Wildlife and Nature 2020
LuganoPhotoDays
Jonathan Jimenez aka Jonk
Naturalia: Chronicle of Contemporary Ruins
Naturalia: Chronicle of Contemporary Ruins asks a fundamental question: that of the place of Man on Earth and his relationship with Nature. Far from being pessimistic, and at a time when Man’s domination of Nature has never been so extreme, it aims to wake our consciousness.
As a child, I saw a wildlife documentary that marked my life. It focused on the melting of the ice caps and its consequences on polar bears’ life. I still remember this bear that struggled to swim and find a piece of ice floe. It seems that "children are like wet cement. Whatever falls on them makes an impression." (Dr Haim Ginott). This vision marked me so much that during all my childhood, every time any of my parents did anything that seemed bad for the environment, it told them this sentence: «Watch out, you kill the bears!!”

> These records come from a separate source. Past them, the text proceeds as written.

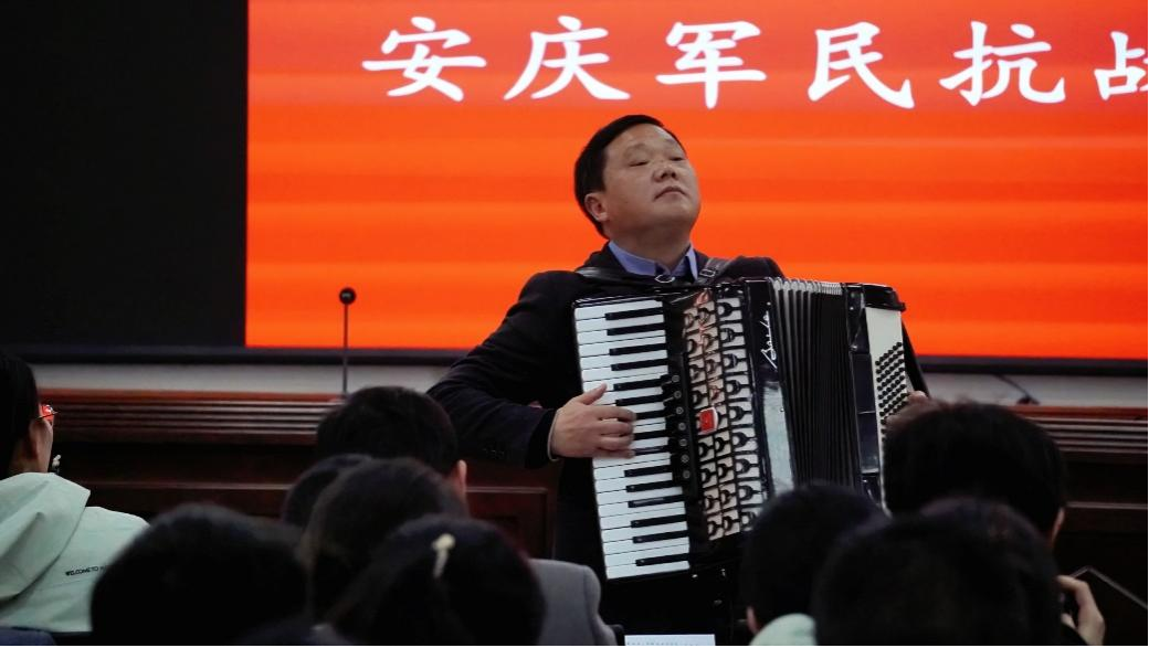 活动尾声,彭传山赏析了《游击队之歌》与《中国军魂》两首作品,将“没有枪,没有炮,敌人给我们造”的机智乐观,与新四军第四支队在安庆敌后战场神出鬼没的伏击战例相结合;将“亮剑精神”与程雄等烈士血战敌人的英雄气概相呼应。在铿锵旋律的回响中,历史场景与音乐情感交织,让在场师生深刻感受到中华民族百折不挠的坚韧品格与炽热的爱国情怀。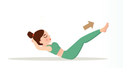 Este ejercicio tiene un nivel más de dificultad, pero nada que no puedas hacer. Lo fundamental es controlar la respiración y llevarla al compás del ejercicio, de manera que cuando subas las piernas inspires, y cuando las bajes expires.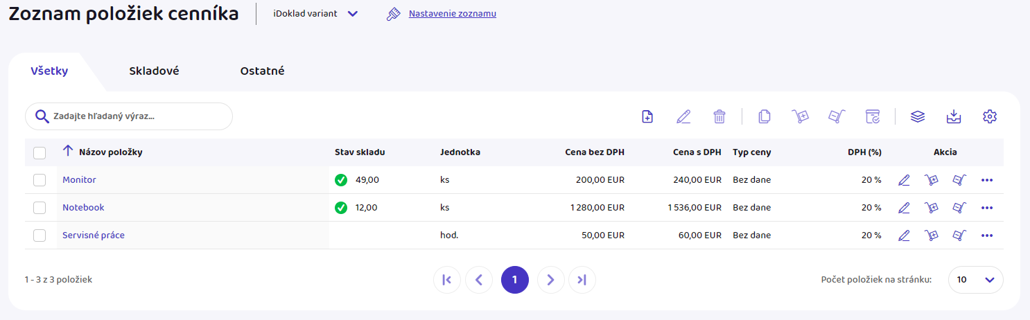 Zoznam položiek cenníka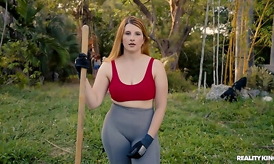 胖乎乎的红发Abigaiil莫里斯弯腰两个硬公鸡

This ecological consciousness, that moves me since my youngest age, has little by little focused my interest on abandoned places reclaimed by Nature. She is stronger, and whatever happens to Man, She will always be there.
Moreover, Naturalia: Chronicle of Contemporary Ruins asks a fundamental question: that of the place of Man on Earth and his relationship with Nature. Far from being pessimistic, and at a time when Man’s domination of Nature has never been so extreme, it aims to wake our consciousness.

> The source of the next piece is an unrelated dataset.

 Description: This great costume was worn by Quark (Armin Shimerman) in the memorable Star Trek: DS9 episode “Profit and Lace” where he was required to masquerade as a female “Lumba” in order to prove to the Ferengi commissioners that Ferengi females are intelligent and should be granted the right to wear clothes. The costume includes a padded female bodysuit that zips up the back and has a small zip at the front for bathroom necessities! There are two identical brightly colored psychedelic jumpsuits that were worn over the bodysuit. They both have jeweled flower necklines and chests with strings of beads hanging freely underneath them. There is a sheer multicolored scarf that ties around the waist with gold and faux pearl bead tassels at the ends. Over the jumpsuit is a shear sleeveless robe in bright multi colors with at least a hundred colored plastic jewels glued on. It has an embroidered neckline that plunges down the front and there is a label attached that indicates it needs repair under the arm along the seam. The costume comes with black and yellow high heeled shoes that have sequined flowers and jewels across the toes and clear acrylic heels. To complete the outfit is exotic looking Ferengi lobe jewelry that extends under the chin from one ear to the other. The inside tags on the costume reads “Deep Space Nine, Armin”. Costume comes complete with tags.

Man builds, Man abandons. Every time for his own peculiar reasons. Nature does not care about those reasons. But one thing is for sure, when Man leaves, She comes back and She takes back everything.
In his poem Eternity of Nature, brevity of Man, Alphonse de Lamartine writes “Triumph, immortal Nature! / Whose hand full of days / Lends unlimited strengths / Times that always rise again!” In her inexorable progression, She starts reclaiming the outsides of an Italian villa before infiltrating the insides of a Croatian castle (Picture 1) or a Belgian greenhouse (4). Then, She grows in the atrium of a Polish palace (6), in a Hungarian train station (7) or a Cuban theater (9) before invading a Montenegrin castle (13). Then, She guzzles the cross of a Belgian monastery (17) or given more time, imprisons a Taiwanese mansion with her strong roots (20).
The next steps? Collapse and burial.
French poet Léo Ferré said “With Time goes, everything goes”. So, when Nature and Time will have taken back what Man abandons, what will be left of our civilization?